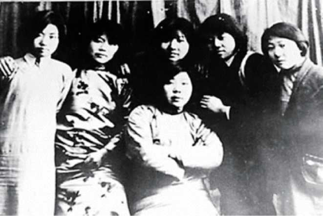 冷云(右二)1935年在桦川县立女子师范学校就读时与同学在佳木斯合影。(来源:新华网)
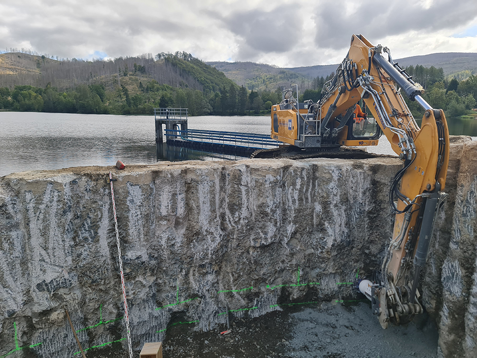 Bei Osterode im Harz wird die Vorsperre der Sösetalsperre saniert. Dabei erhält sie eine neue Dammdichtung in Form einer Bohrpfahlwand. Diese wird im Sohlen- und Kopfbereich mit zwei Gurten aus Stahlbeton versteift. Um in den Bohrpfählen die Vertiefungen zum Eingießen von Stahlbetonspornen herzustellen, verwendet die Umwelttechnik & Wasserbau GmbH (U&W ) einen betriebseigenen 24-Tonnen-Bagger mit einem KEMROC Powertool-Antrieb KRX 70 plus Fräsaufsatz. Damit gelingt das Vorhaben mit notwendiger Präzision und erwarteter Geschwindigkeit.
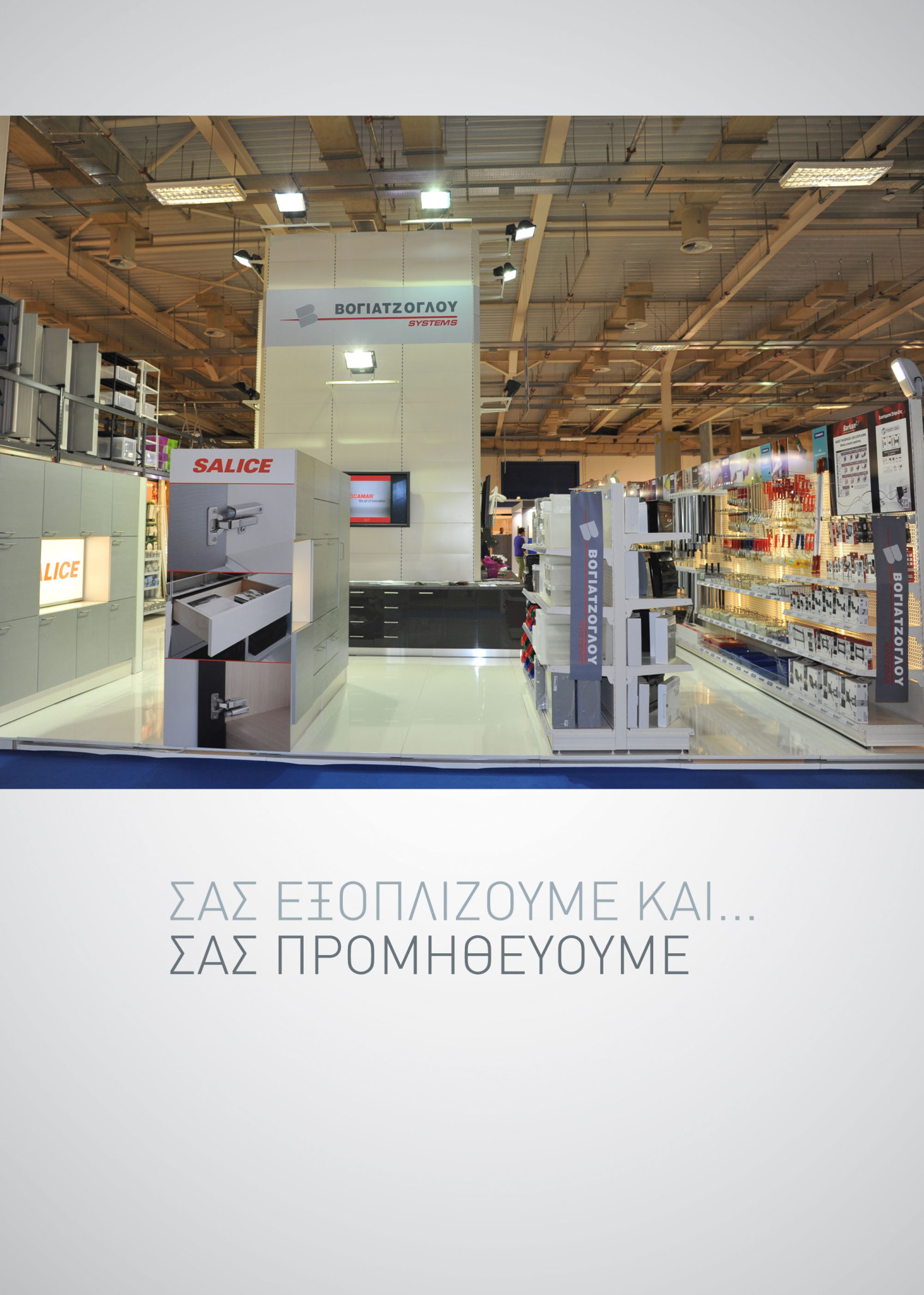 Η κεντρική ιδέα, το concept του περιπτέρου μας αποτυπωνόταν ξεκάθαρα μέσα από το μότο. “ΣΑΣ ΕΞΟΠΛΙΖΟΥΜΕ ΚΑΙ… ΣΑΣ ΠΡΟΜΗΘΕΥΟΥΜΕ”
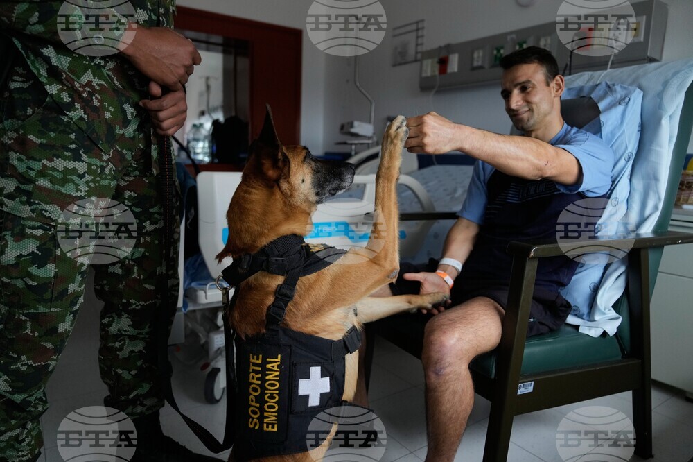 Emotional support dog Kratos salutes wounded Sgt. Jeisson Sanchez at the military hospital in Bogota, Colombia, Thursday, Oct. 2, 2025. (AP Photo/Fernando Vergara)
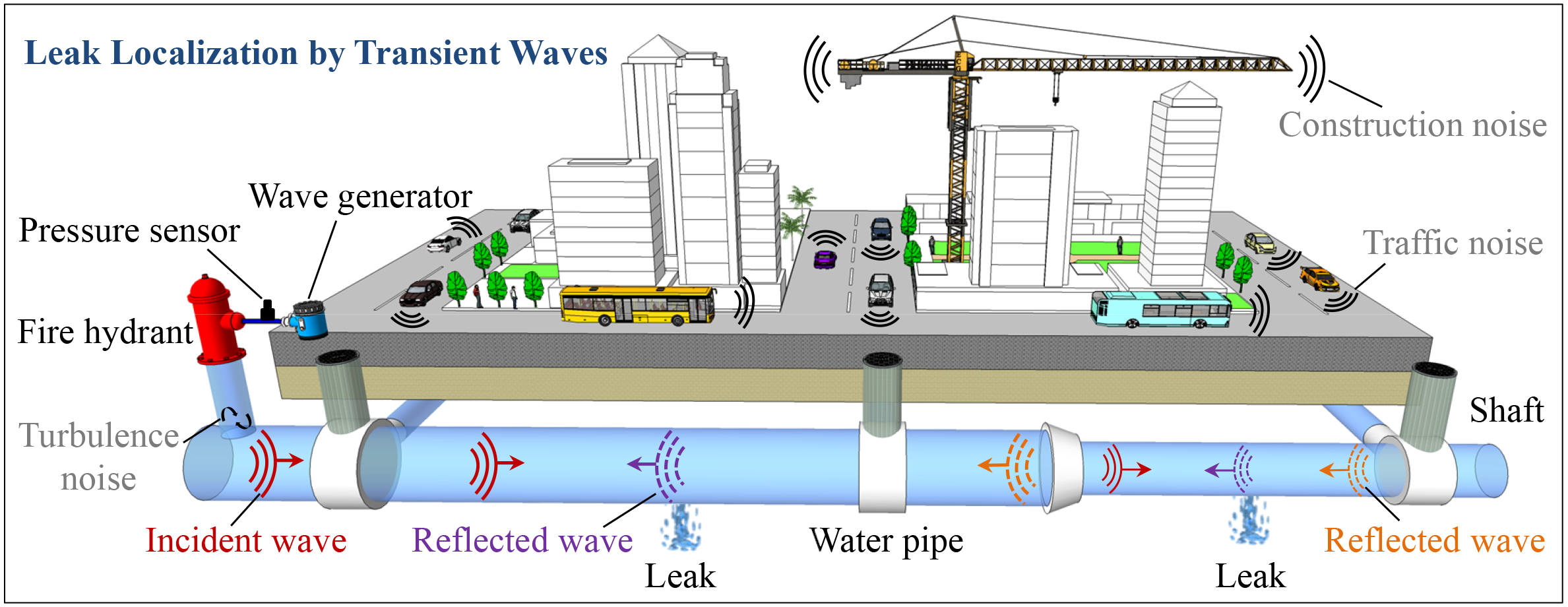 不同于单根管道,供水管网具有多路径波传播效应,导致“泄漏-水锤波-管网”之间的多重耦合作用异常复杂,其物理机理尚不明确。因此,研究团队以复杂供水管网为对象,融合水力学、水声学、反问题等领域的先进方法,从理论上严格推导了供水管网的水锤波解析模型,揭示了水锤波与泄漏及不同管网结构之间的多重耦合机理,并建立了基于匹配场处理的新型管网泄漏定位方法(Che et al.,2022a)。
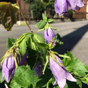 💜紫ホタルブクロ 園芸種の紫ホタルブクロ 挿木をもらいました 一枝と葉っぱが一枚だけ 状態からみるみるどんどん育ち また花が咲きました うれしい¨̮♡︎〜んだけど… 花の色が薄くなり 紫から藤色になってます
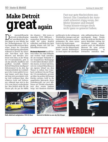 Fast nur gute Nachrichten aus Detroit: Das Comeback der Autostadt schreitet zügig voran, der Motor brummt und Donald Trump könnte einiges doch nicht ganz so gemeint haben.
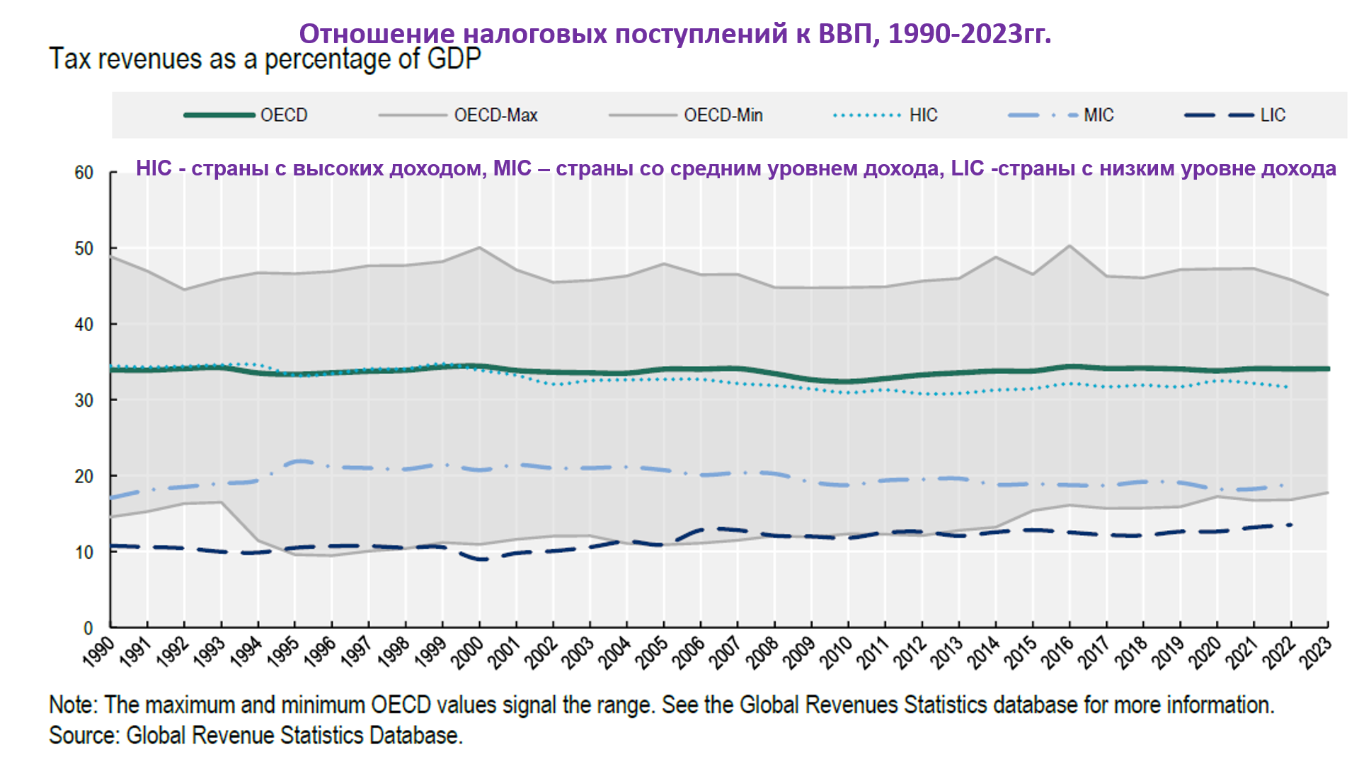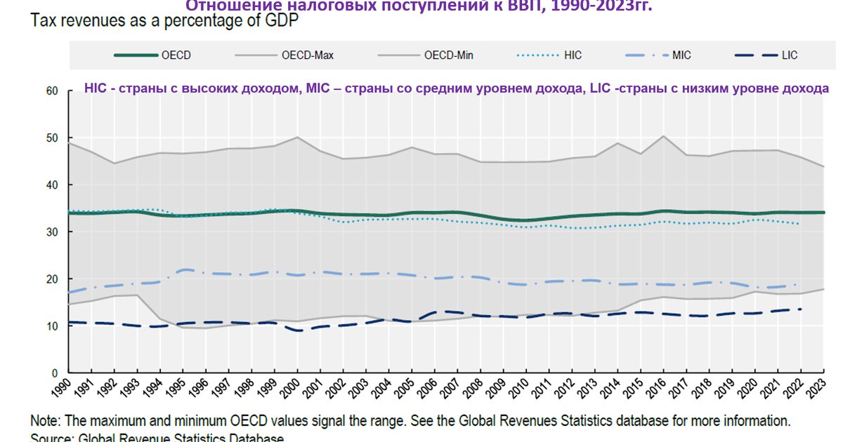 В 2023г. в странах ОЭСР средняя налоговая нагрузка составила 33,9% - меньше Украины. В Пакистане она составила 10,5% ВВП, в Индонезии 12,0% ВВП, во Вьетнаме – 16,8% ВВП, в Казахстане – 19,5% ВВП, Ю. Корее – 28,9% ВВП, Австралии – 29,4% ВВП, Японии – 34,4% ВВП, в Чили – 20,6% ВВП, Израиле 29,8% ВВП, Мексике 17,7% ВВП, Турции – 23,5% ВВП, Бразилия – 32,0% ВВП.
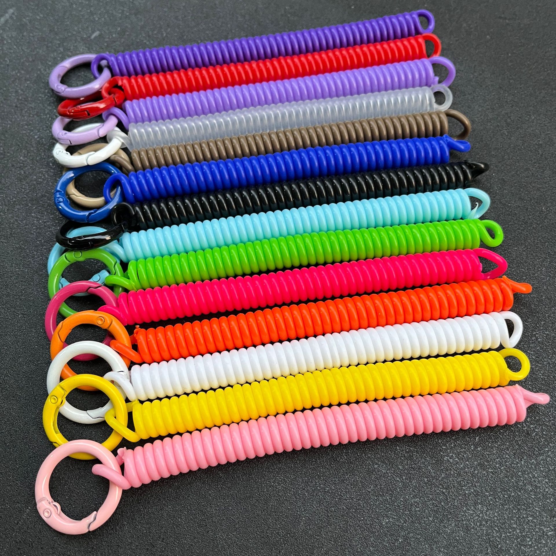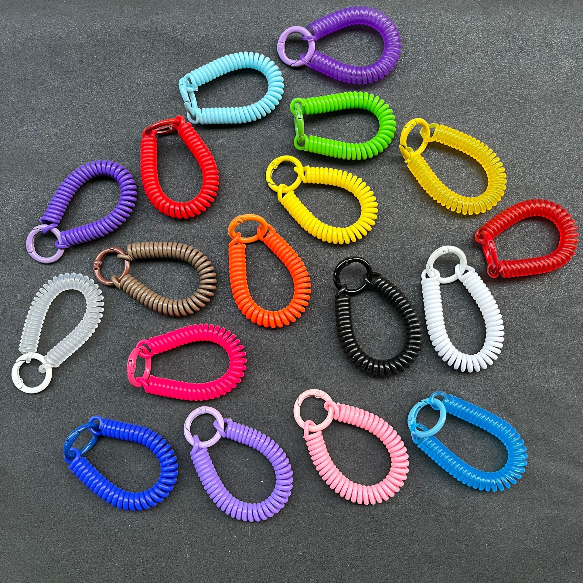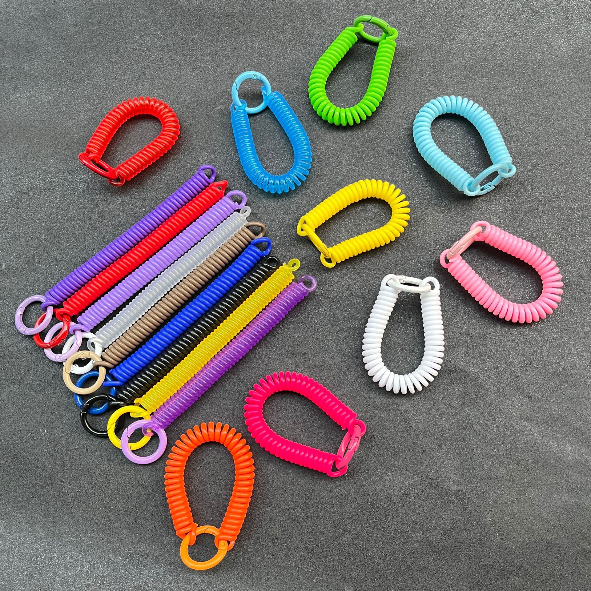 투명한 컬러 플라스틱 봄 밧줄 매달린 버클 학생 Schoolbag 식사 카드 홀더 매달려 장식 개폐식 방지 키 체인

☆ ☆ ☆

ACTION ITEM: Would you please reproduce the entries above, starting at the line with "Η κεντρική ιδέα, το" and stopping after the line with "Emotional support dog"? Omit any pictures.

TASK RESPONSE:
 Η κεντρική ιδέα, το concept του περιπτέρου μας αποτυπωνόταν ξεκάθαρα μέσα από το μότο. “ΣΑΣ ΕΞΟΠΛΙΖΟΥΜΕ ΚΑΙ… ΣΑΣ ΠΡΟΜΗΘΕΥΟΥΜΕ”
 Emotional support dog Kratos salutes wounded Sgt. Jeisson Sanchez at the military hospital in Bogota, Colombia, Thursday, Oct. 2, 2025. (AP Photo/Fernando Vergara)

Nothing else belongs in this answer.